**Instructions to follow**: Your task is to repeat the entries exactly. Leave the pictures out.

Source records
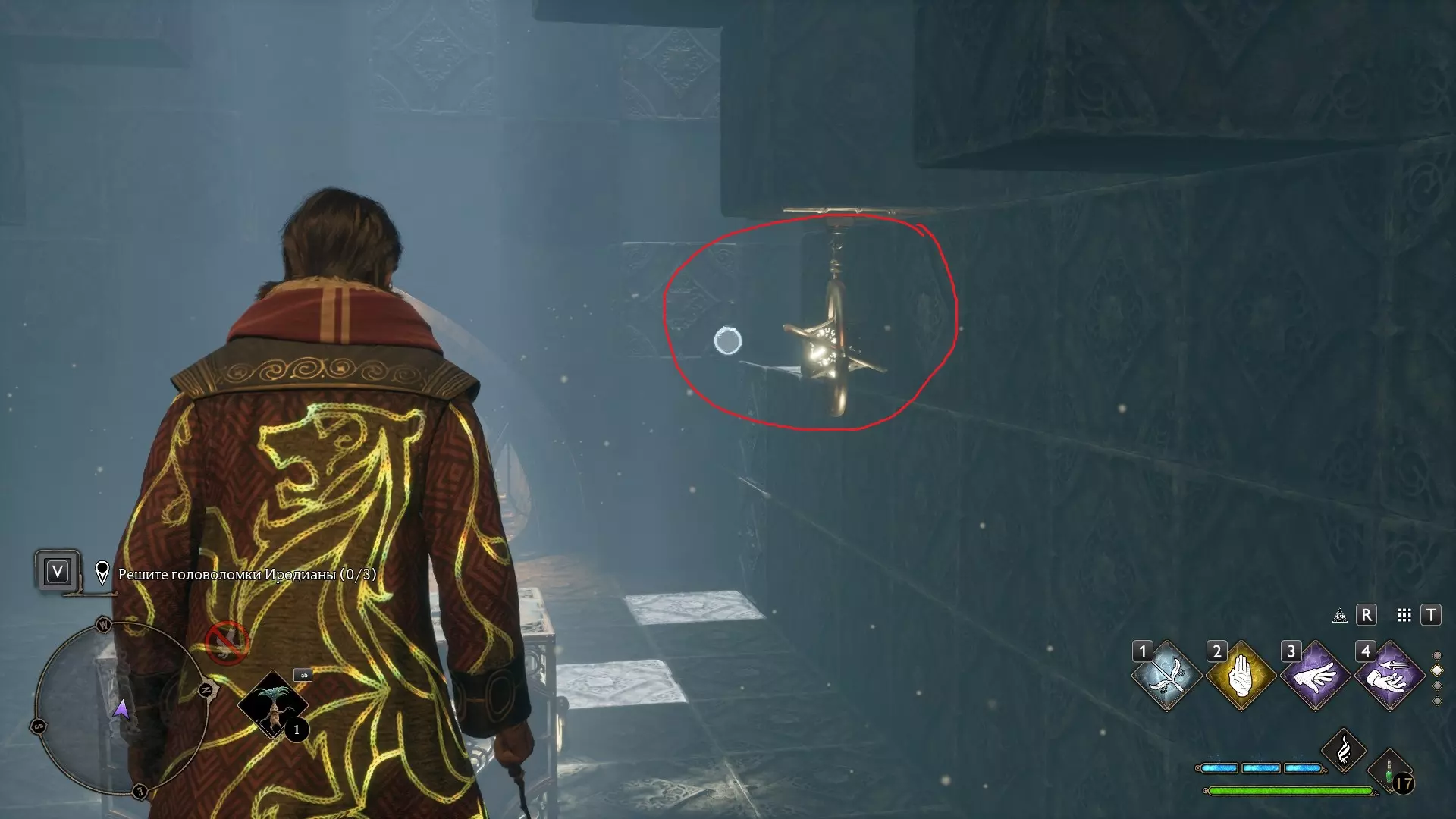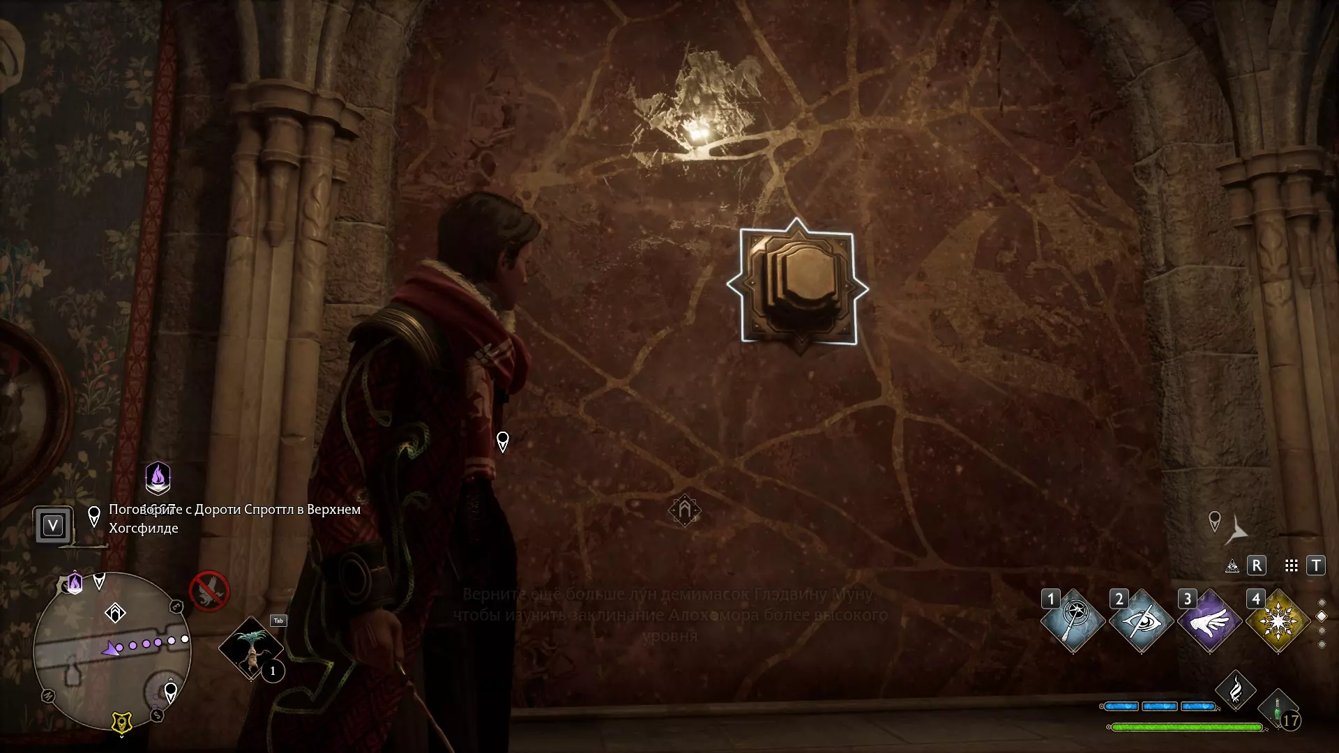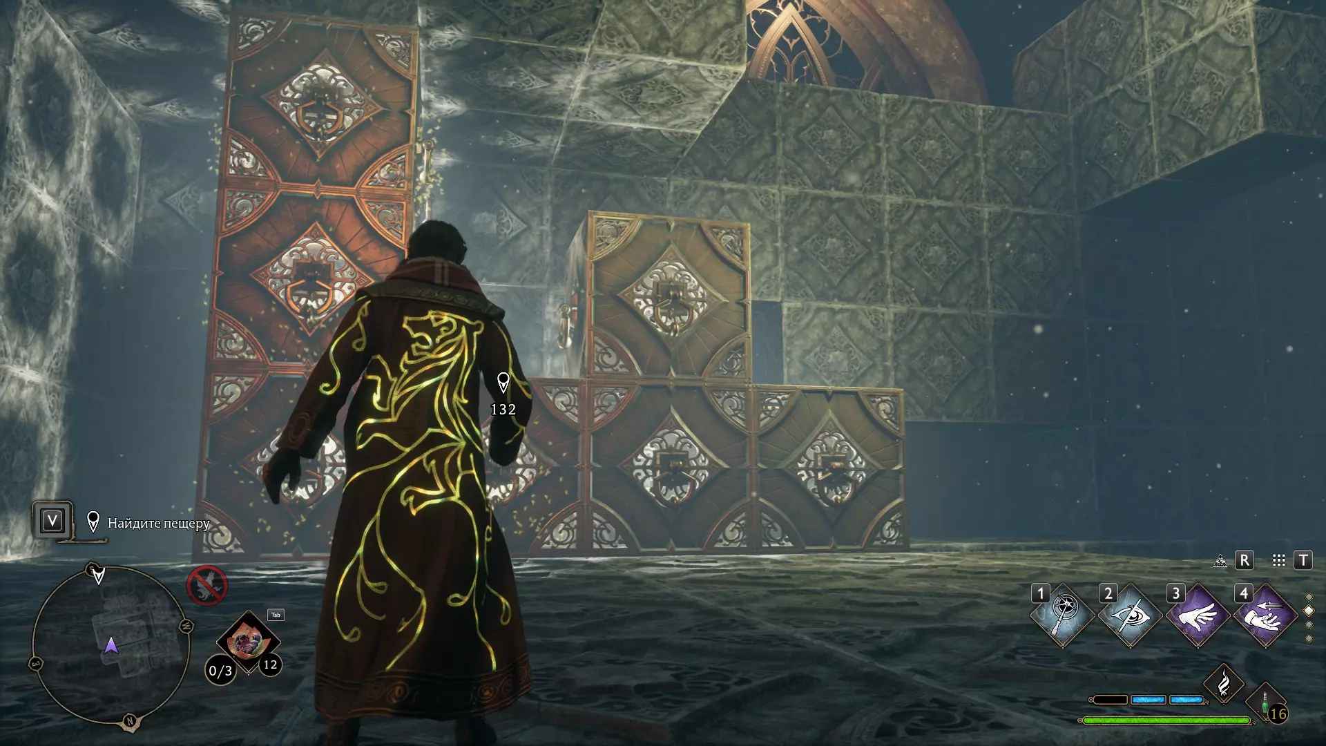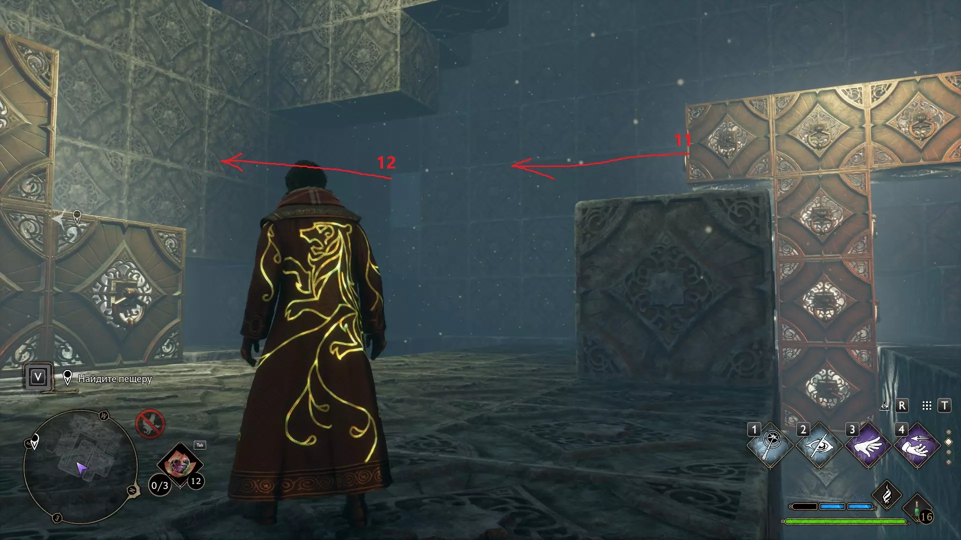 只有在游戏接近中期,当你学会【冰刺术】(Глациус)或【时间停止】(Арресто моментум)这两个咒语后,才能进入这扇门。我们会看到头顶上有一个巨大的钟摆,需要在它开始从右向左摆动之前,将其停在最终位置。
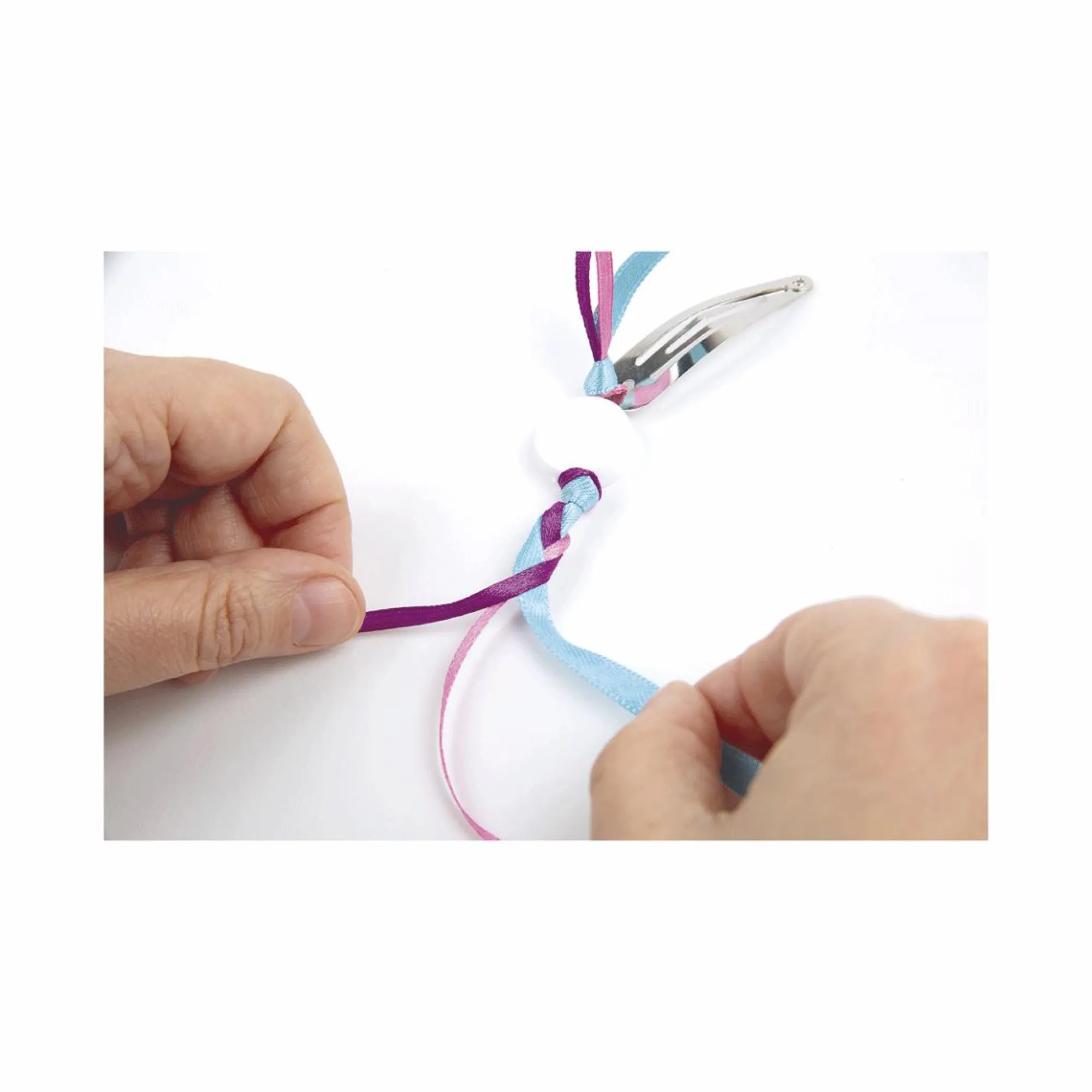 Diversi componenti per assemblare e personalizzare accessori per capelli.
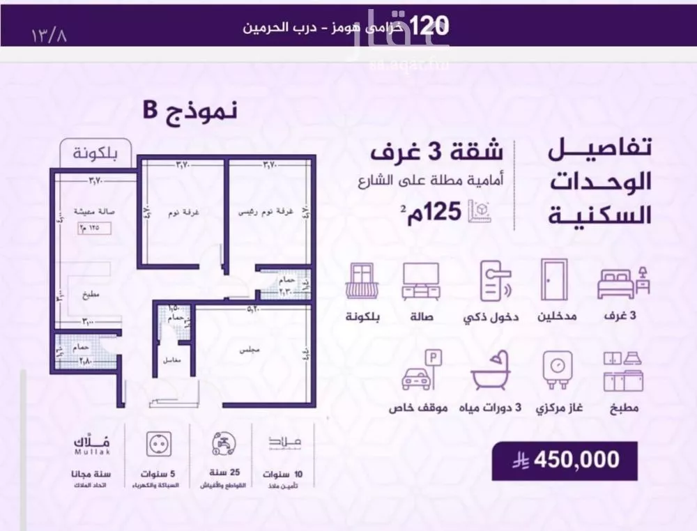 عرض على Aqar3 غرف مشروع درب الحرمين المساحة: 125م 3 غرف صالة واسعة مطبخ ثلاث دورات مياه مدخلين مستقلين دخول ذكي غاز مركزي موقف خاص خزان مستقل ضمن مشروع درب الحرمين بلكونه السعر: 450
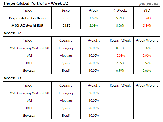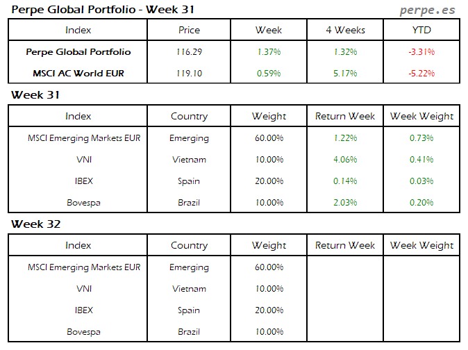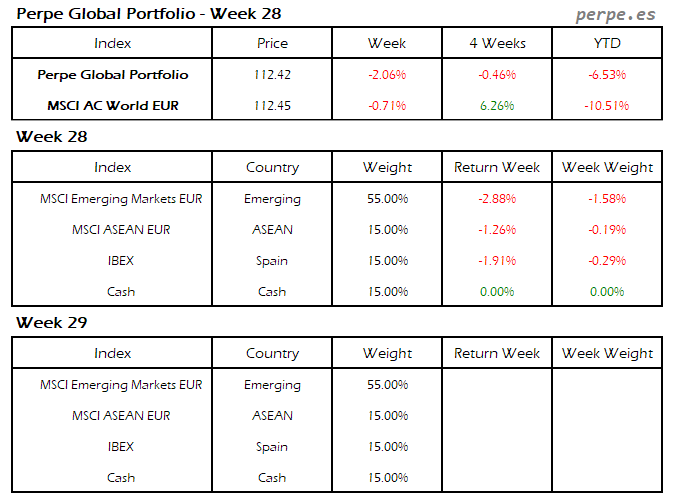 Importante caída superior al 2% en el Perpe Global Portfolio provocada fundamentalmente por los emergentes y, en menor medida, por la bolsa española. Por otra parte, el MSCI AC World EUR sólo bajó un 0.7% esta semana.
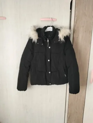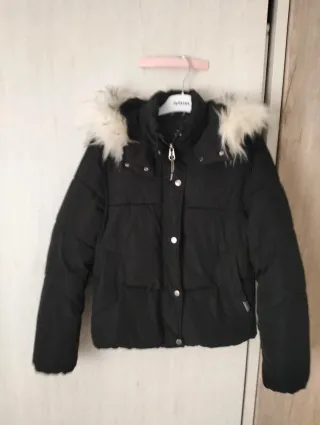 Chaqueta acolchada negra con detalles de pelo blanco en la capucha. - Cierre de cremallera. - Bolsillos frontales con botones. - Puños elásticos.
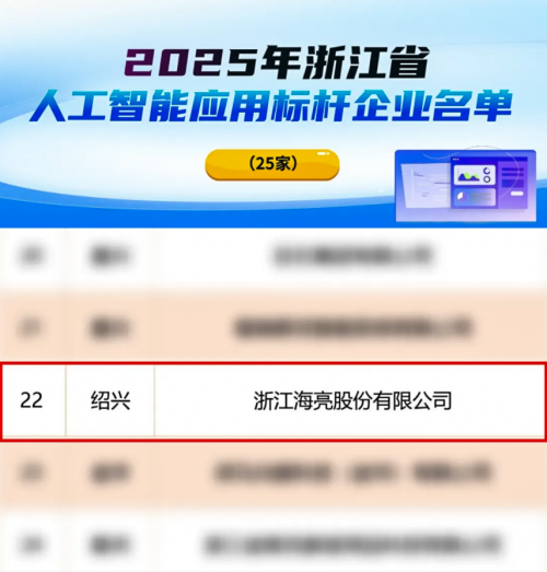 近日,浙江省经信厅公布了2025年浙江省人工智能应用场景、应用标杆企业、人工智能服务商及“数智优品”名单。海亮股份成功入选2025年浙江省人工智能应用标杆企业。
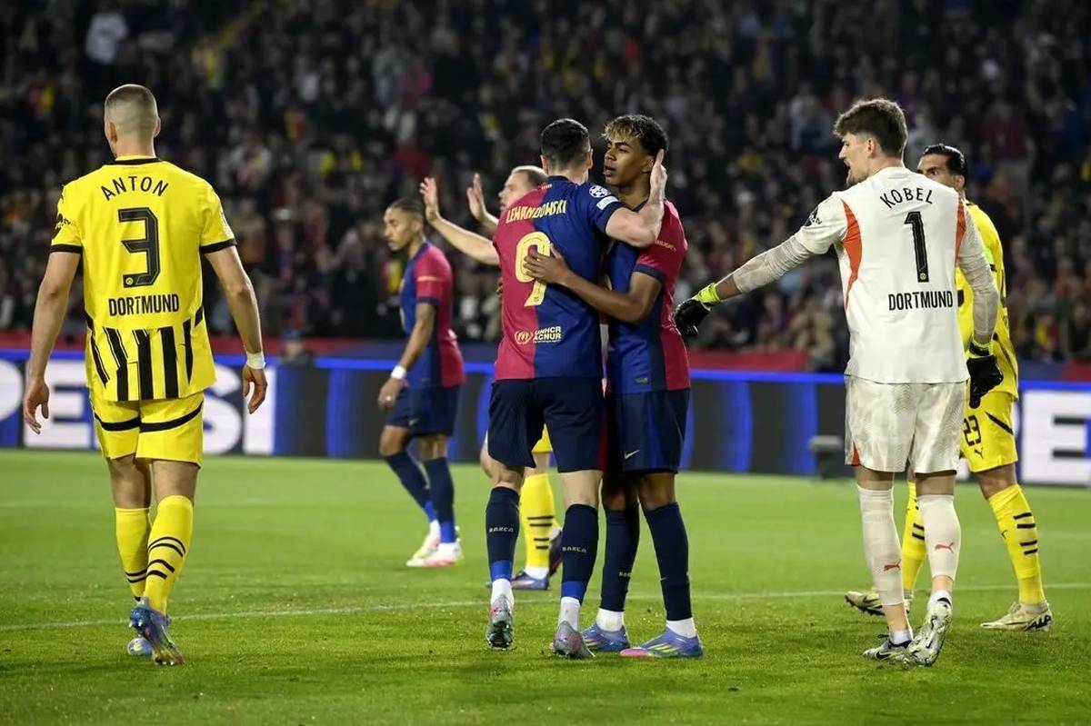 در ورزشگاه المپیک مونتجوئیک، تیم بارسلونا به مصاف بوروسیا دورتموند رفت و با نمایشی قدرتمند موفق شد میهمان آلمانی خود را با نتیجه ۴ بر صفر شکست دهد. گلزنان بارسلونا در این مسابقه رافینیا، که در دقیقه ۲۵ گل اول را به ثمر رساند، روبرت لواندوفسکی که دو گل در دقایق ۴۶ و ۶۶ زد، و یامال که در دقیقه ۷۷ گل چهارم را زد، بودند. این پیروزی به معنای تسلط بارسلونا بر دیدار رفت بود و هواداران این تیم را برای بازی برگشت خوش‌بین کرد.
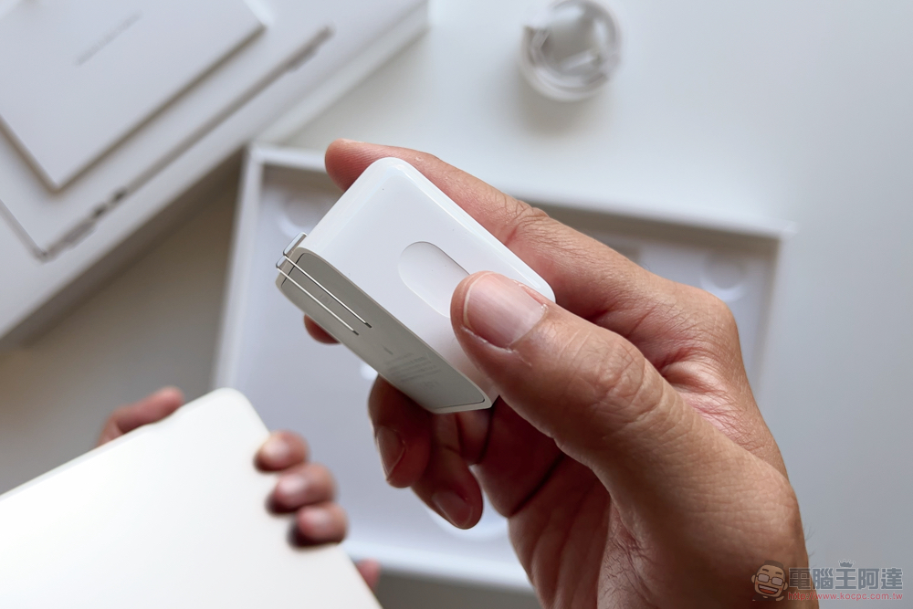 這個充電器的設計除了擁有插頭可收折設計外,可以看到這顆 35W 充電器的出充電埠還改了個方向。還在窄邊加入了小小的凹槽,讓插拔可以更就手、更省力些。這個充電器還有個很讚的小功能,就是插拔線的時候,並不會有重新握手斷電的狀況。

**Solved problem**:
 只有在游戏接近中期,当你学会【冰刺术】(Глациус)或【时间停止】(Арресто моментум)这两个咒语后,才能进入这扇门。我们会看到头顶上有一个巨大的钟摆,需要在它开始从右向左摆动之前,将其停在最终位置。
 Diversi componenti per assemblare e personalizzare accessori per capelli.
 عرض على Aqar3 غرف مشروع درب الحرمين المساحة: 125م 3 غرف صالة واسعة مطبخ ثلاث دورات مياه مدخلين مستقلين دخول ذكي غاز مركزي موقف خاص خزان مستقل ضمن مشروع درب الحرمين بلكونه السعر: 450
 Importante caída superior al 2% en el Perpe Global Portfolio provocada fundamentalmente por los emergentes y, en menor medida, por la bolsa española. Por otra parte, el MSCI AC World EUR sólo bajó un 0.7% esta semana.
 Chaqueta acolchada negra con detalles de pelo blanco en la capucha. - Cierre de cremallera. - Bolsillos frontales con botones. - Puños elásticos.
 近日,浙江省经信厅公布了2025年浙江省人工智能应用场景、应用标杆企业、人工智能服务商及“数智优品”名单。海亮股份成功入选2025年浙江省人工智能应用标杆企业。
 در ورزشگاه المپیک مونتجوئیک، تیم بارسلونا به مصاف بوروسیا دورتموند رفت و با نمایشی قدرتمند موفق شد میهمان آلمانی خود را با نتیجه ۴ بر صفر شکست دهد. گلزنان بارسلونا در این مسابقه رافینیا، که در دقیقه ۲۵ گل اول را به ثمر رساند، روبرت لواندوفسکی که دو گل در دقایق ۴۶ و ۶۶ زد، و یامال که در دقیقه ۷۷ گل چهارم را زد، بودند. این پیروزی به معنای تسلط بارسلونا بر دیدار رفت بود و هواداران این تیم را برای بازی برگشت خوش‌بین کرد.
 這個充電器的設計除了擁有插頭可收折設計外,可以看到這顆 35W 充電器的出充電埠還改了個方向。還在窄邊加入了小小的凹槽,讓插拔可以更就手、更省力些。這個充電器還有個很讚的小功能,就是插拔線的時候,並不會有重新握手斷電的狀況。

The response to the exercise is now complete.